Title: Our Santiniketan
Author: Mahasweta Devi
Translated from the Bengali by Radha Chakravarty
Publisher: Seagull Books
ISBN: 978-0857429018
Genre: Nonfiction, Memoir
Pages: 124
Source: Publisher
Rating: 5/5
I think Bedanabala was my introduction to Mahasweta Devi’s works. That was way back in 2006, and since then I haven’t stopped reading whatever she had to offer. I think my extreme fan boy moment happened when I got to meet her briefly at Jaipur Literature Festival in 2013. As a writer, if there’s anyone that has made an impact on me, it would be her.
Our Santiniketan is a short memoir of her days spent at Santiniketan of course and how what she learned there and unlearned shaped her entire life – her thoughts, ideologies, and even her writing to a large extent.
This book is also about ageing and what you choose to remember in the form of a memoir. Mahasweta Devi brings that up in so many places in the book – subtly, and sometimes not so. It hovers throughout. But as a reader you believe it all, because that’s her writing and conviction of what she recalls.
You know as a reader that your childhood was not like the one Mahasweta Devi spent at Santiniketan and will never be. Yet, you relate when she speaks of nature and trees, the food eaten there, the friendships forged, the lessons taught, and idyllic evenings which one wouldn’t think of as the case, given the place.

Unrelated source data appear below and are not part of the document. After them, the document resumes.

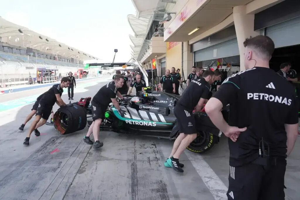 梅奔在P房里面换引擎,这三客户车队(迈凯伦、Alpine、威廉姆斯)在赛道上跑的是嘎嘎猛F1赛车2026F1季前测试
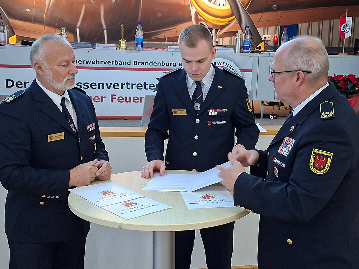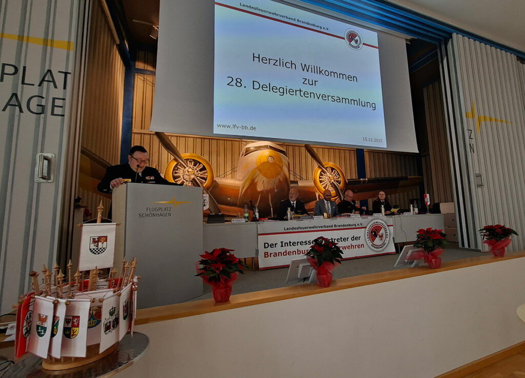Die Delegierten der Kreis- und Stadtfeuerwehrverbände des Landes Brandenburg trafen sich Mitte November zu ihrer 28. Delegiertenversammlung des Landesfeuerwehrverandes. Die Veranstaltung auf dem Flugplatz Schönhagen in Trebbin war gleichzeitig eine Wahlveranstaltung. Zur Wahl stellten sich Rolf Fünning als Präsident des LFV sowie Frank Kliem als Vizepräsident.
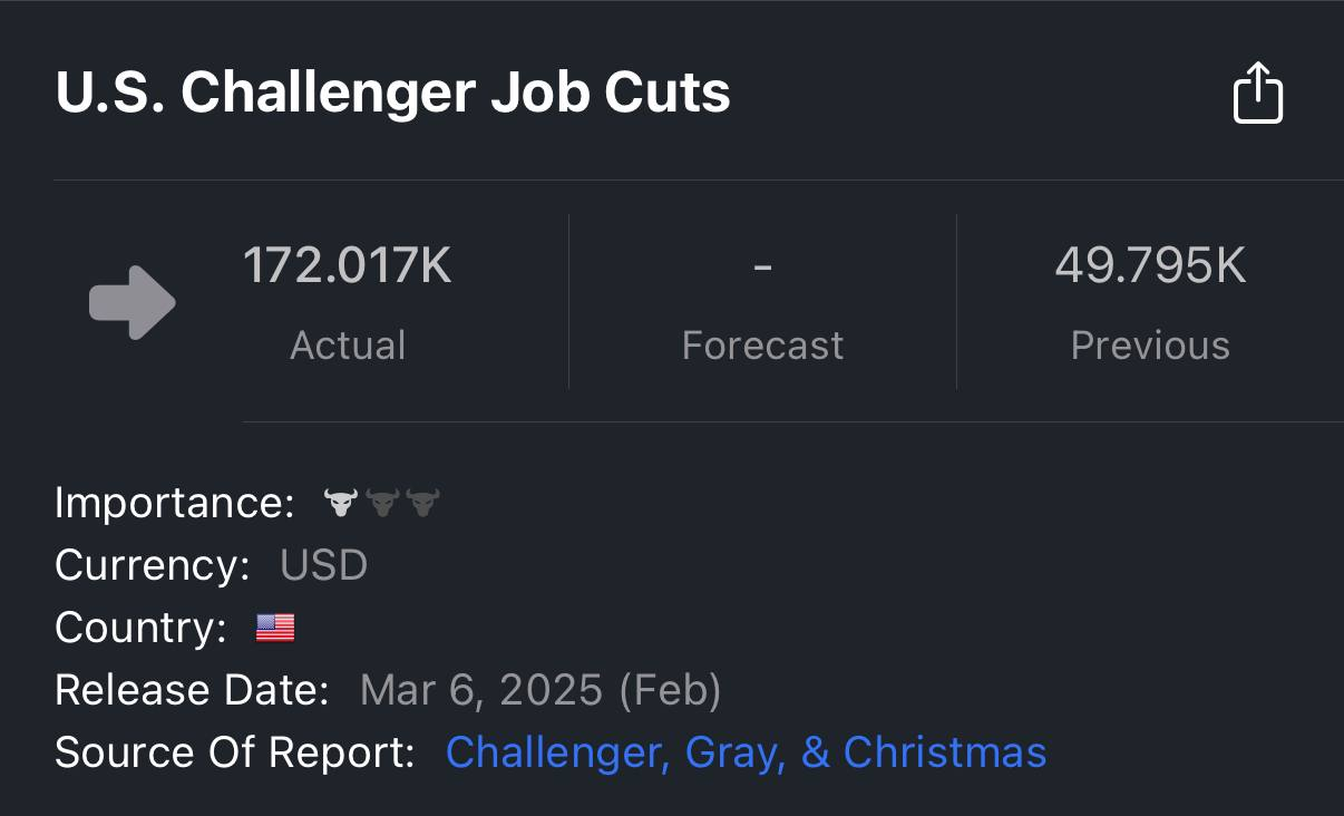 미국 Challenger 해고자 지수, 🇺🇸 2월 챌린저 감원 수치는 예상치를 큰 폭 상회한 172k
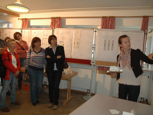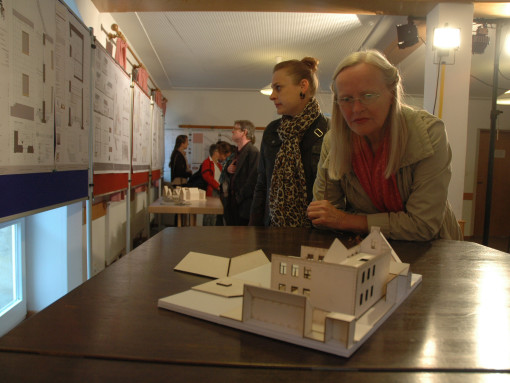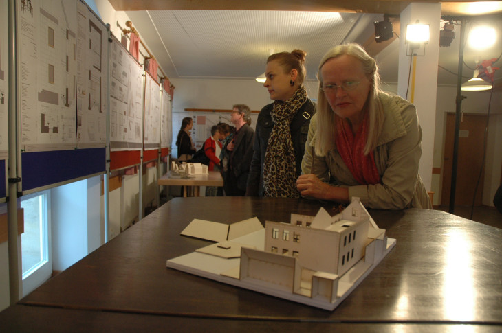 OTTENSOOS — Wie geht es weiter mit der Ottensooser Synagoge? Die bauliche Instandhaltung läuft auf Hochtouren, aber: „Die Synagoge ist ja mehr als ein reines Baudenkmal“, wie Bürgermeister Klaus Falk sagt. Bisher hat man, was die weitere Nutzung angeht, einen „bunten Strauß an vagen Ideen“, so Falk. Nun haben rund 50 Architekturstudenten der Nürnberger Georg-Simon-Ohm-Hochschule das Gebäude vermessen und weitere Vorschläge gemacht, wie man es nutzen könnte. Eine Entscheidungshilfe hat sich der Gemeinderat davon erhofft – das könnte im besten Sinne nach hinten losgegangen sein: Die zehn besten Entwürfe wurden im Bürgerbegegnungsraum vorgestellt und schnell war klar, dass die Entscheidung jetzt noch schwerer fallen könnte. Carina Ewalds Entwurf unter dem Titel „Kulturwinkel“ zum Beispiel greift relativ stark in die momentane Struktur der Synagoge ein. Sie plant zum Beispiel als einzige der besten Zehn mit traditionellen Rundbogenfenstern. „Der Putz wird entfernt, damit man die unterschiedlichen Strukturen sieht“, erklärte sie den interessierten Bürgern und den Gemeinderäten, die zur Präsentation gekommen waren. Das Tonnengewölbe im früheren Gebetsraum würde sie freilegen, dunkel streichen und hell verschalen. Den historischen Boden möchte sie erhalten und mit Glas abdecken, ebenso die Thoranischen – die Historie soll sichtbar bleiben. Die Räume sollen für die verschiedensten Gruppen nutzbar sein, „vom Seniorenflöten bis zum Kinderbasar“, so Carina Ewald. Ihre Kommilitonin Eva Meier zieht in ihrem Entwurf eine Art Zeltkonstruktion in den Gebetsraum ein; die Räume sollen mittels großer schwenkbarer Türen voneinander getrennt sein, damit man auch mal einen großen Gegenstand – beispielsweise einen Flügel für ein Konzert – bewegen kann. Außerdem ist bei ihr nur der bisherige Wohntrakt ständig beheizt, der Gebetsraum nicht – auch mit dem Thema Energieeffizienz sollten sich die Bachelorstudenten schließlich auseinandersetzen. Die Ausstellung der zehn besten Entwürfe – mit je vier Bauskizzen, einem Modell und einer Beschreibung – sind noch für die nächsten zwei Wochen im Bürgerbegegnungsraum zu sehen. Fotos: Ziegler
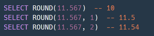 ROUND(숫자 또는 컬럼, 소숫점 자릿 수 지정) * 소숫점 자릿 수 지정하지 않을 경우 소수점 첫 번째 자리에서 반올림 |
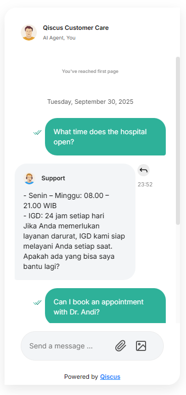 Result: Patients can self-book without calling or waiting in line, and staff instantly receive the booking in Qiscus Omnichannel or connected systems.

Mahasweta Devi’s writing goes back and forth in time – there is the past and the present, in which she speaks to the reader as well about time being what it is and doing what it does to the nature of memory. Radha Chakravarty’s translation serves the original the way it is (you can tell a little by the tone adopted), but also adds her own element to it – I think when it comes to dialogue and some descriptions to make it easier for the reader.
Our Santiniketan is a book that must be read slowly, to be savoured really, to know more about Mahasweta Devi, her writing that came later, more importantly her family and her relationship with them, and the place that came to be second-home to her.